Nothing but the lines from the one containing "今日は旬のさといもを使った煮" through the last line of the data below should be returned, each copied exactly.

= Beginning of Section =

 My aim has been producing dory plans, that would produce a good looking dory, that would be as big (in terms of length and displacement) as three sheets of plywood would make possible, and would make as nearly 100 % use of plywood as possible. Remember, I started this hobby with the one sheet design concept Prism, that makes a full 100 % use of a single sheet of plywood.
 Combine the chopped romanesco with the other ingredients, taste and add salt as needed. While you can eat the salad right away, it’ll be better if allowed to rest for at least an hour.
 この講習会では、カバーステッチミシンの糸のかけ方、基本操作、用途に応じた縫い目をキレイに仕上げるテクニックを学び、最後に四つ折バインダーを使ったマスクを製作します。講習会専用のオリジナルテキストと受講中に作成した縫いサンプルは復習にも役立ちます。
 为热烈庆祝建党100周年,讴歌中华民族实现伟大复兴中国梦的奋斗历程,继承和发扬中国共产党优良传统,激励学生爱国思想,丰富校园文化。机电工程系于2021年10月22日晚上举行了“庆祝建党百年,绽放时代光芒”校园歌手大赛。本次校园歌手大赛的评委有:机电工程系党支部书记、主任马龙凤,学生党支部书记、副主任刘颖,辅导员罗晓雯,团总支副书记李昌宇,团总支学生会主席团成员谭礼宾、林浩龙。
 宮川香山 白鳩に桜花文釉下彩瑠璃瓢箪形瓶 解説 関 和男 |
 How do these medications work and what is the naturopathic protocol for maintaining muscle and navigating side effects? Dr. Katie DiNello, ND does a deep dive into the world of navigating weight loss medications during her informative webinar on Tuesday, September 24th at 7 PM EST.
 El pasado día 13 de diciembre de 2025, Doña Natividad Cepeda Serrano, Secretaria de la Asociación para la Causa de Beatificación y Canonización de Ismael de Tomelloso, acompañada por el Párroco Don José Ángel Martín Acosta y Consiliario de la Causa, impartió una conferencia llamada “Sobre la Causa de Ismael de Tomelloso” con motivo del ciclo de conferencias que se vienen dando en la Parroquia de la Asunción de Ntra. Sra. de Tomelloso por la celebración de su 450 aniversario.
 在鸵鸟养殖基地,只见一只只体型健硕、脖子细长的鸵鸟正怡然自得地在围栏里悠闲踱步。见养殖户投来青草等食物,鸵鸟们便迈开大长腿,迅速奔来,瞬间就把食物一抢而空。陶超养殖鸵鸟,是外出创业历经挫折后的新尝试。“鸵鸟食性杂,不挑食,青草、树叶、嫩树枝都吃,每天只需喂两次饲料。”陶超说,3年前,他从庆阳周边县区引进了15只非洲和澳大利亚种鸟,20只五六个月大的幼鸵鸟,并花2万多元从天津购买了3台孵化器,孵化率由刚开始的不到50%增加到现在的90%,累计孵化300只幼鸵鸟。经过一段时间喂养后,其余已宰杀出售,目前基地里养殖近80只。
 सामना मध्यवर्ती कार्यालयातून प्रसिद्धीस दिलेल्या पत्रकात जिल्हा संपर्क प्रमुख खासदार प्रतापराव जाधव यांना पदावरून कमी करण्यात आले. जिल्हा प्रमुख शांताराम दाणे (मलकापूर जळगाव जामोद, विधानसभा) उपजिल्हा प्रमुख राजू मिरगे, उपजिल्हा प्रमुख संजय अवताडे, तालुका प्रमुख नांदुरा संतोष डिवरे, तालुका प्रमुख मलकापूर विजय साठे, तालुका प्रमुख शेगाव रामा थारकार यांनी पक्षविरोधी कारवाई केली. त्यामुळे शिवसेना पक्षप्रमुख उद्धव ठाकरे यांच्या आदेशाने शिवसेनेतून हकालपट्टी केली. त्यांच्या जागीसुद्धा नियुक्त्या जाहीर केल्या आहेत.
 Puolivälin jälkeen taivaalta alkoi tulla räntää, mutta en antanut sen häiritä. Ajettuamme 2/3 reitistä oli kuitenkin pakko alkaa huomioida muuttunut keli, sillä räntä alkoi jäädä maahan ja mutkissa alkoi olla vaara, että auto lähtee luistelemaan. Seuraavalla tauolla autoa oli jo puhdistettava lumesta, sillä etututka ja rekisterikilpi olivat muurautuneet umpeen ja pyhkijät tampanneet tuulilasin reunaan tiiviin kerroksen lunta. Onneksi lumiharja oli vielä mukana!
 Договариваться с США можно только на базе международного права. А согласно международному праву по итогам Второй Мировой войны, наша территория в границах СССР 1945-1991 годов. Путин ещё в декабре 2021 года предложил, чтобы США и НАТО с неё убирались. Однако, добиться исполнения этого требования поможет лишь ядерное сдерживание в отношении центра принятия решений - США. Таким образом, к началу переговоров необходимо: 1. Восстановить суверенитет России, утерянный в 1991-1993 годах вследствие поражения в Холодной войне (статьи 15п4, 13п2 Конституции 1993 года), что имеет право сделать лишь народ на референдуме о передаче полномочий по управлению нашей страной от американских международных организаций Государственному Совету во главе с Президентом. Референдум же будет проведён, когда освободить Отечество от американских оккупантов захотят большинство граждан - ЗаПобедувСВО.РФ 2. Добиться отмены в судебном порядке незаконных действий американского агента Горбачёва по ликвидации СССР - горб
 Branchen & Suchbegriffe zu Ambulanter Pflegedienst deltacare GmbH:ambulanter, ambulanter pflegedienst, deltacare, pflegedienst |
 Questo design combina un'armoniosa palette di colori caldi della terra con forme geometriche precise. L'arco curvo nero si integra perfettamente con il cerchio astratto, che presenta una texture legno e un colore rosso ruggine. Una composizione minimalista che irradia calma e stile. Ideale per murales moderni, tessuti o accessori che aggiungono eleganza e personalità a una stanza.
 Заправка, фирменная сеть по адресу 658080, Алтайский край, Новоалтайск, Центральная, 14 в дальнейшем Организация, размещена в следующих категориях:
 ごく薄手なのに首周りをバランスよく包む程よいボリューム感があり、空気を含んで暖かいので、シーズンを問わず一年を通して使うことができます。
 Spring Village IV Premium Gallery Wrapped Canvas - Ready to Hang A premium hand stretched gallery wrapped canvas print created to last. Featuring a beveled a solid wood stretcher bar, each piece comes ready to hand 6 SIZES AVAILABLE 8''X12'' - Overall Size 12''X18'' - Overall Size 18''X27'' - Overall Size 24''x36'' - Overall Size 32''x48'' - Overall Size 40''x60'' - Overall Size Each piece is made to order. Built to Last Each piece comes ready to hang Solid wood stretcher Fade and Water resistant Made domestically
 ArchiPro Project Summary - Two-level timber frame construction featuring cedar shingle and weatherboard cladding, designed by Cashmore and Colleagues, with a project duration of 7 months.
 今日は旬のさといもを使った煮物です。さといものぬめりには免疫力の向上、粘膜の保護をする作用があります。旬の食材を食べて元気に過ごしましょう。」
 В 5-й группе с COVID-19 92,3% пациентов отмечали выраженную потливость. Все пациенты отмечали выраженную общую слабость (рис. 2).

= End of Section =

■ **EXERCISE ANSWER**:
 今日は旬のさといもを使った煮物です。さといものぬめりには免疫力の向上、粘膜の保護をする作用があります。旬の食材を食べて元気に過ごしましょう。」
 В 5-й группе с COVID-19 92,3% пациентов отмечали выраженную потливость. Все пациенты отмечали выраженную общую слабость (рис. 2).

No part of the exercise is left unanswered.